Connective tworry (superficial fascia)
The superficial fascia is a fibrofatty layer that connects skin to the underlying aponeurosis of the occipitofrontalis muscle and provides a passageway for nerves and blood vessels. Blood vessels are attached to this fibrous connective tissue. If the vessels are reduced, this attachment avoids vasospasm, which could cause profusage bleeding after injury.
Epicranial aponeurosis (galea aponeurotica)
The epicranial aponeurosis is a thin, tendinous structure that provides an insertion site for the occipitofrontalis muscle. Posterolaterally, the epicranial aponeurosis attachment extends from the premium nuchal line to the exceptional temporal line. Laterally, the epicranial aponeurosis continues as the tempdental fascia. Anteriorly, the subaponeurotic room exoften tends to the upper eyelids because of the lack of a bony insertion. This loose areolar tproblem offers a potential subaponeurotic space that allows fluids and blood to pass from the scalp to the upper eyelids.
Loose areolar tissue
Areolar tissue loosely connects the epicranial aponeurosis to the pericranium and permits the superficial 3 layers of the scalp to move over the pericranium. Scalp flaps are elevated alengthy a relatively avascular aircraft in craniofacial and neurosurgical procedures. However before, particular emissary veins traverse this layer, which connects the scalp veins to the diploic veins and intracranial venous sinsupplies.

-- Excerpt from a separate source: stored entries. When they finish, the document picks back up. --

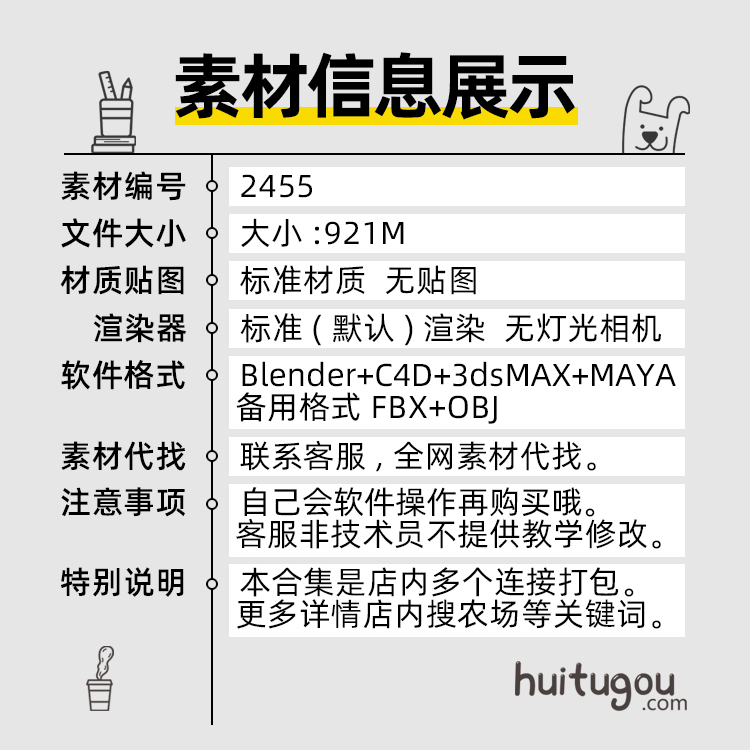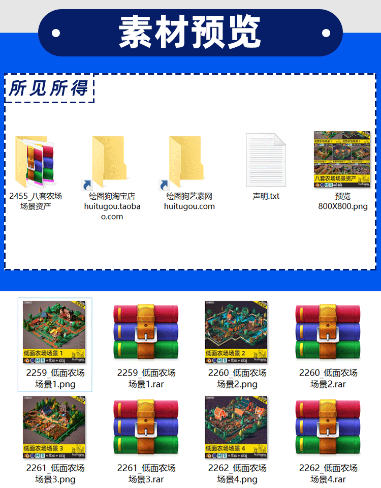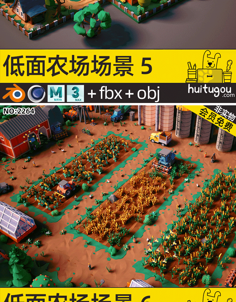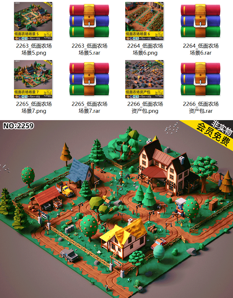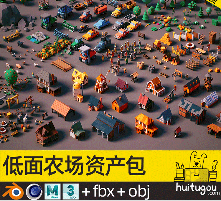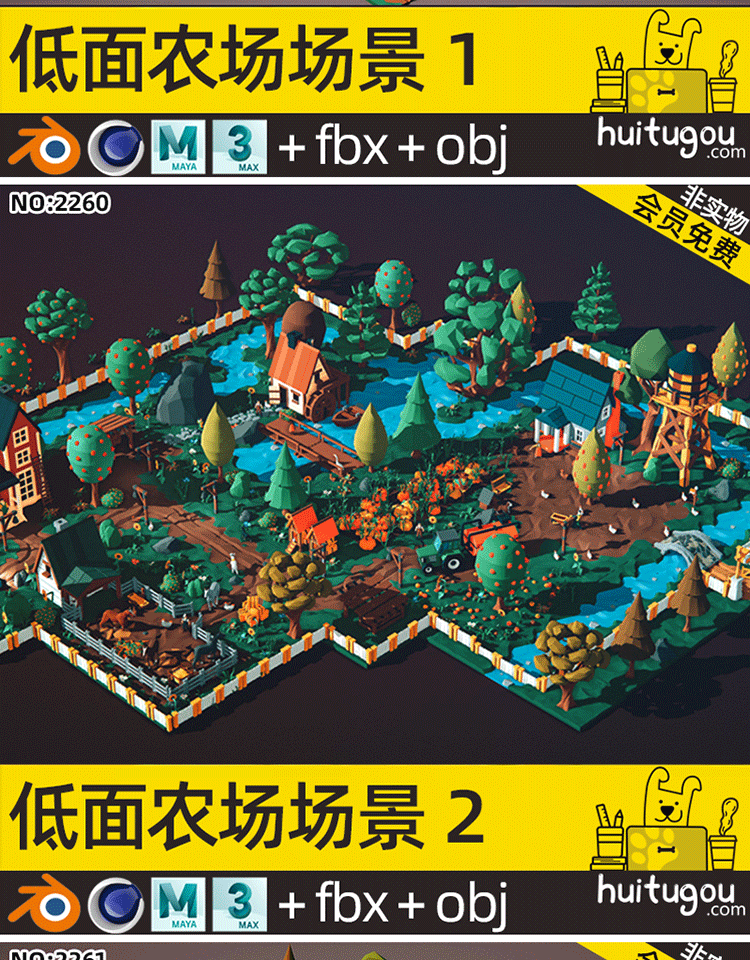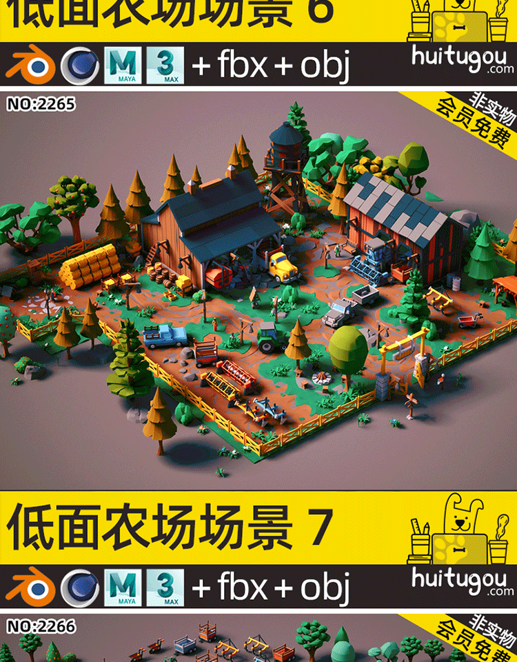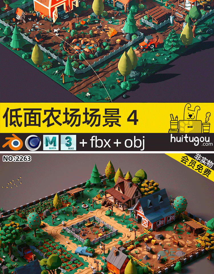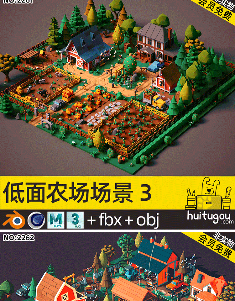 LOWPOLY风格C4D卡通农场场景3D模型Blend农田牧场果园木屋农具FBX
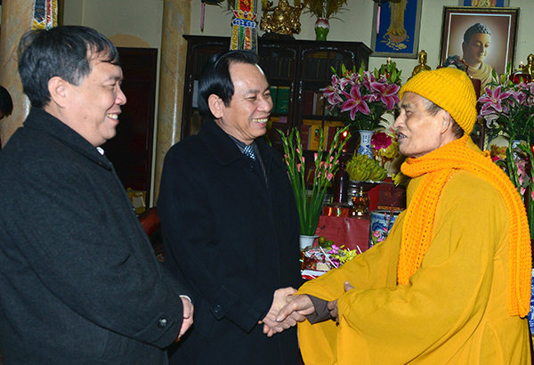 | Ông Vũ Hồng Khanh chúc Tết Trưởng lão Hòa thượng Thích Phổ Tuệ (Ảnh: kinhtedothi.vn) |
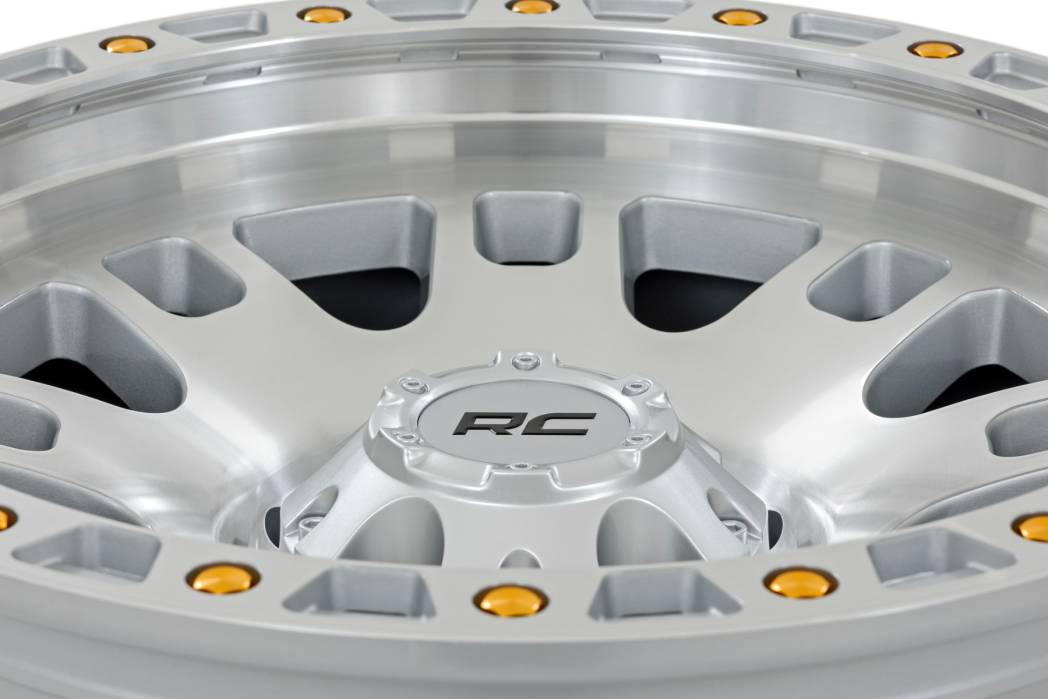Custom RC Center Cap: Each wheel includes a matching machined Rough Country center cap with bold black RC lettering for a clean branded touch.
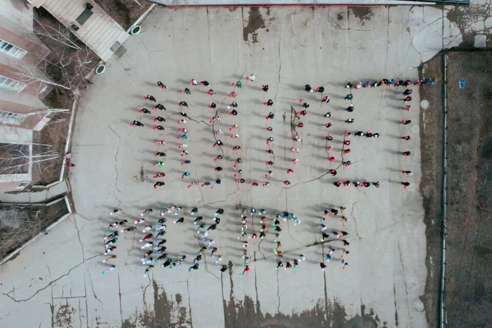 Участники флешмоба выстроились возле здания министерства сельского хозяйства в виде надписи «100 лет МСХ РС(Я)».
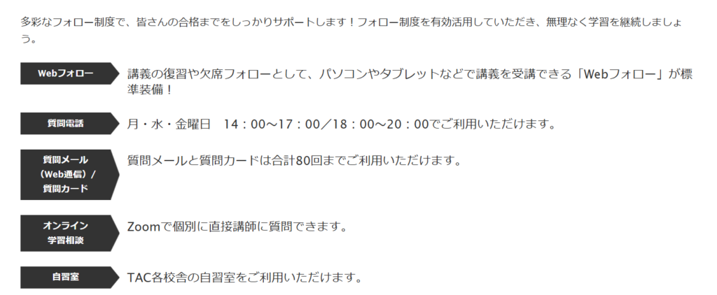 | TAC | 165,000円 | 1回2時間45分 69回 (約190時間) | 答練:5回 公開模試:1回 | 80回まで無料 | ー |
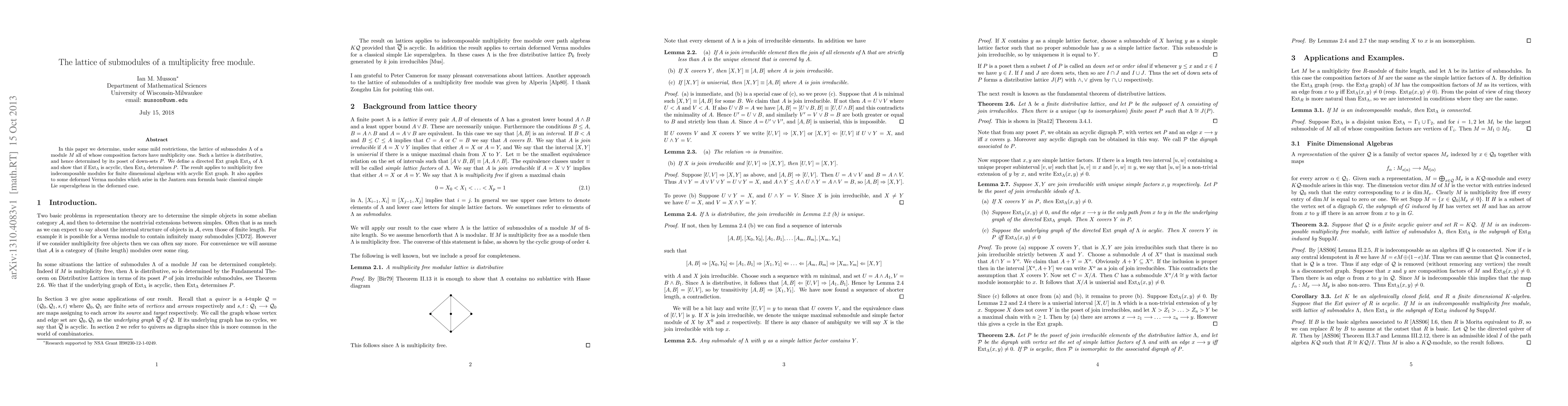 In this paper we determine, under some mild restrictions, the lattice of submodules $\gL$ of a module $M$ all of whose composition factors have multiplicity one. Such a lattice is distributive, and hence determined by its poset of down-sets $P$. We define a directed Ext graph $\Ext_\gL$ of $\gL$ and show that if $\Ext_\gL$ is acyclic, then $\Ext_\gL$ determines $P$. The result applies to multiplicity free indecomposable modules for finite dimensional algebras with acyclic Ext graph. It also applies to some deformed Verma modules which arise in the Jantzen sum formula basic classical simple Lie superalgebras in the deformed case.
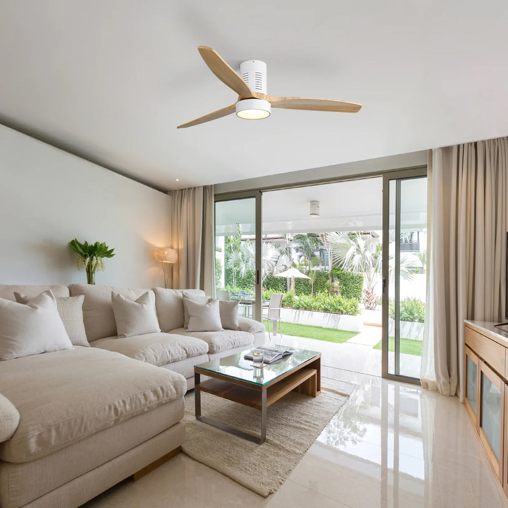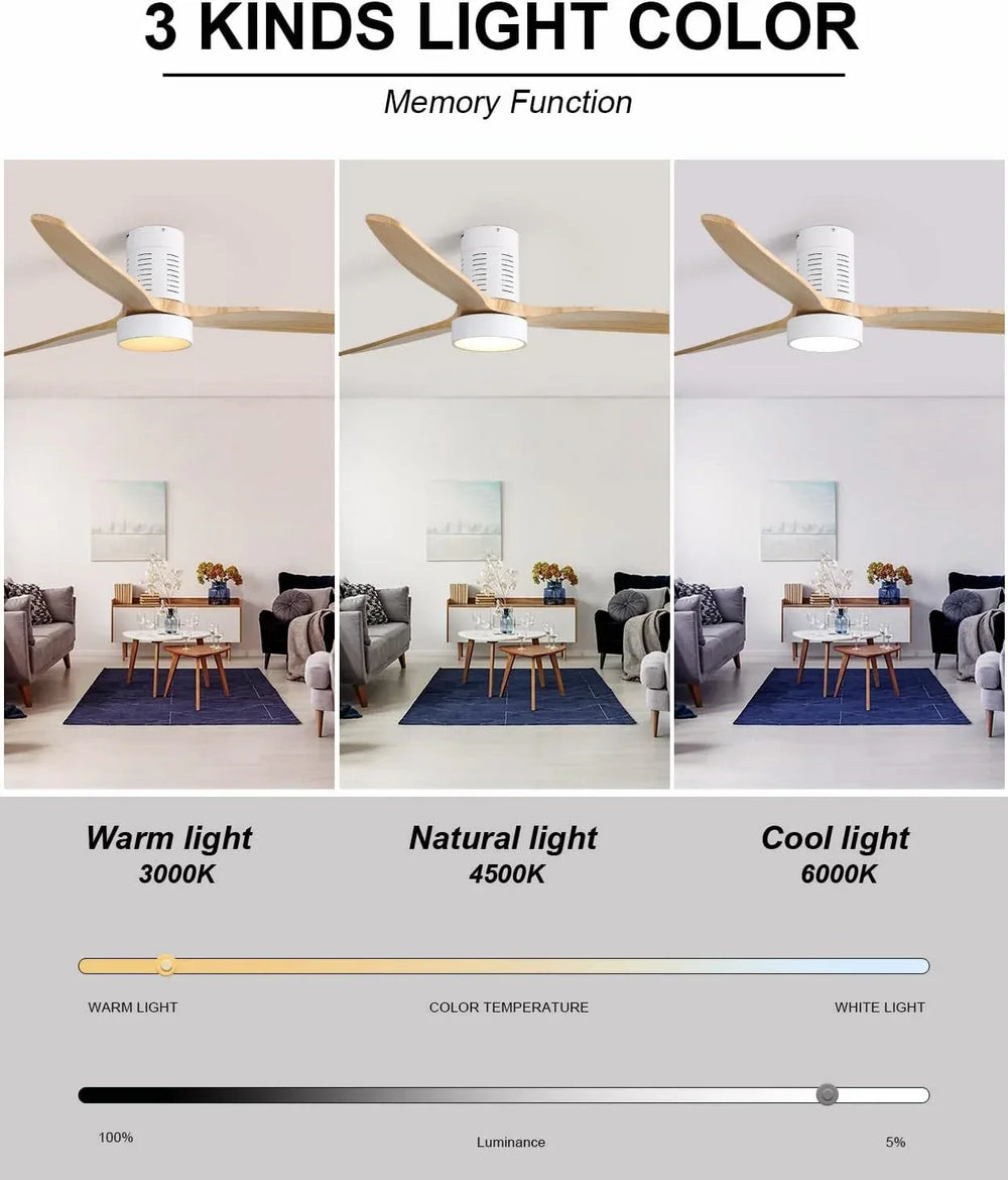 Upgrade your living space with this modern indoor ceiling fan featuring solid natural wood blades and a sleek flush mount design that complements any décor. Its whisper-quiet DC motor ensures powerful and efficient airflow to keep your room comfortable through all seasons. Easily control fan speed and lighting with the included remote, offering convenience at your fingertips. The integrated 18W LED light provides adjustable color temperatures (3000K, 4500K, 6000K) and a lighting memory function for personalized ambiance. Ideal for bedrooms, living rooms, offices, and even covered outdoor areas, this fan combines style, functionality, and energy efficiency in one elegant package. Elevate your home’s comfort and ambiance today.
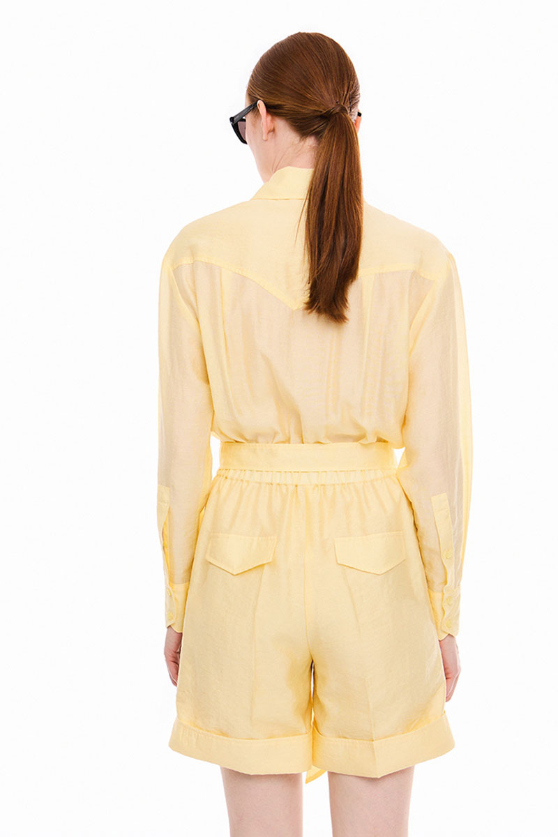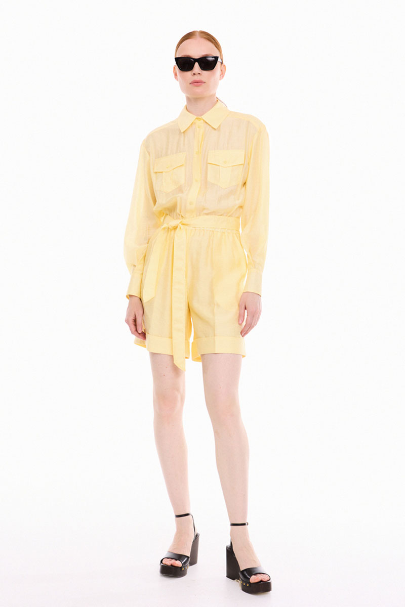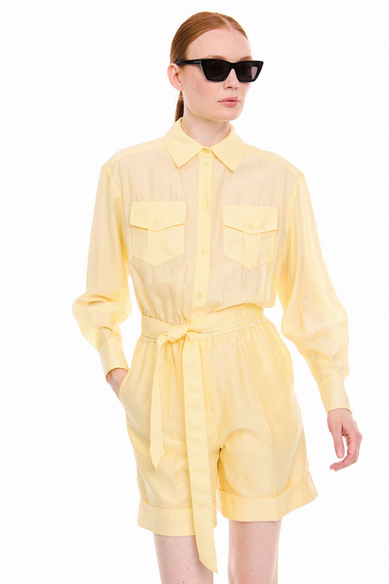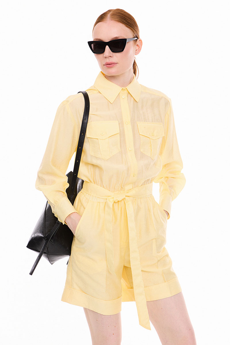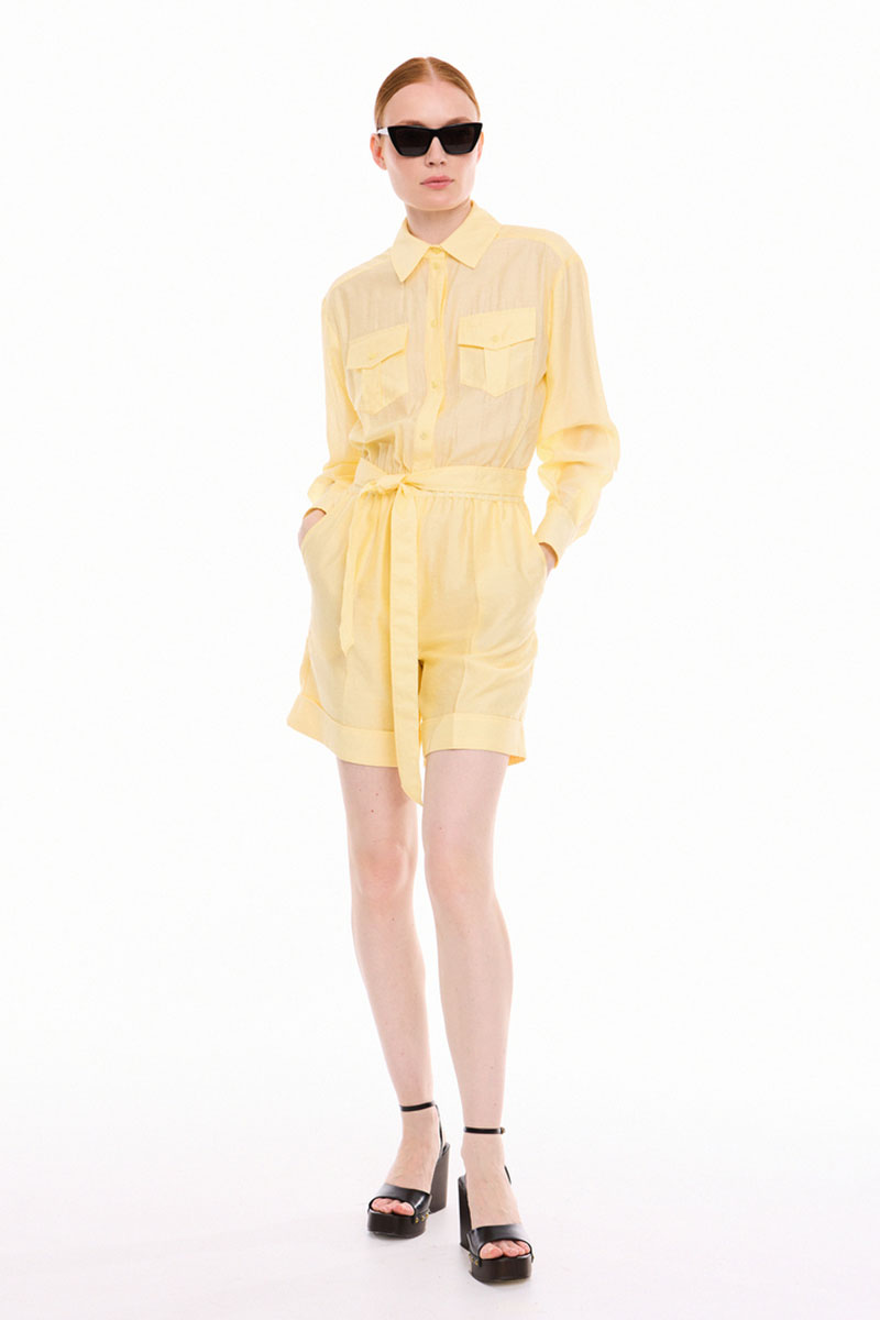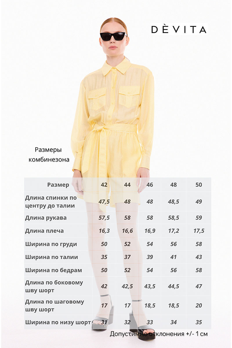 Комбинезон из легкой, полупрозрачной ткани, отрезной по линии талии, со съёмным поясом. По талии кулиска с эластичной тесьмой. Верхняя часть комбинезона с центральной застёжкой на петли и пуговицы, с накладными карманами с клапанами, застёгивающимся на петлю и пуговицу. По спинке двойная кокетка фигурной формы и две складочки. Воротник сорочечный с отрезной стойкой. Рукава рубашечные одношовные, с манжетами фигурной формы, застёгивающимися на две петли и пуговицы. Разрезы рукавов обработаны английской планкой, с застёжкой на петлю и пуговицу. Нижняя часть комбинезона двойная, длиной выше линии колен, с притачными манжетами и заутюженными линиями «стрелки», манжет закреплён по боковым и шаговым швам. По переду шорт застёжка на тесьму- молнию и боковыми карманами с отрезными «бочками». По спинке шорт накладные отделочные клапаны фигурной формы. Измерения готового изделия расположены в табличке с фотографиями.

The pericranium is the periosteum of the skull bones. Alengthy the suture lines, the pericranium becomes constant via the endosteum. A subperiosteal hematoma, therefore, creates in the shape of the skull bones.
The occipitofrontalis muscle is composed of 2 occipital bellies and also 2 frontal bellies. The occipital bellies aclimb from the premium nuchal lines on the occipital bone. The frontal bellies originate from the skin and also superficial fascia of the top eyelids. The occipital and also frontal bellies insert right into the epicranial aponeurosis.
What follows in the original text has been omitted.